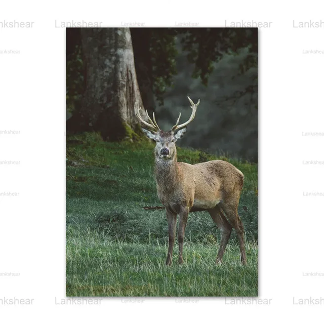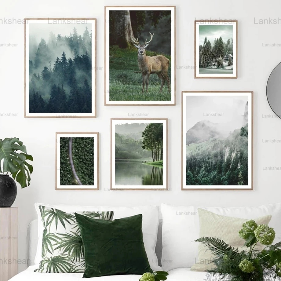 Картина на холсте, настенное искусство, природа, гора, туман, лес, олень, скандинавские плакаты и принты, украшение для гостиной, настенные картины без рамки
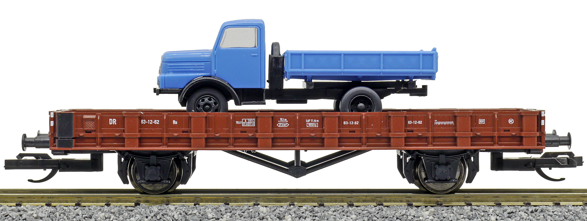 | nízkostěnný nákladní vůz červenohnědý ložený automobilem H3A Kipper |
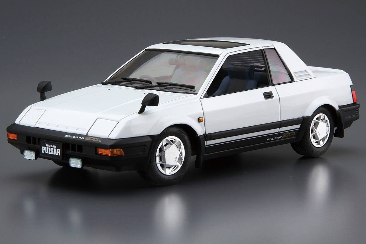 Check out the 1/24 scale Nissan HN12 Pulsar EXA '83 car model kit from Aoshima! It comes with genuine and aftermarket aluminum wheels, spoilers, and custom steering wheels for a refreshed look. It also boasts a high amount of customization, allowing the user to build the Pulsar EXA to one's own preference. Order for your model kit collection today!

● ● ● ● ● ● ●

▶ **Goal of the exercise**
Please print exactly the lines running from the line with "H3A Kipper |" through the final line of the material, and nothing more. Keep pictures out.

▶ **Answer below**
 | nízkostěnný nákladní vůz červenohnědý ložený automobilem H3A Kipper |
 Check out the 1/24 scale Nissan HN12 Pulsar EXA '83 car model kit from Aoshima! It comes with genuine and aftermarket aluminum wheels, spoilers, and custom steering wheels for a refreshed look. It also boasts a high amount of customization, allowing the user to build the Pulsar EXA to one's own preference. Order for your model kit collection today!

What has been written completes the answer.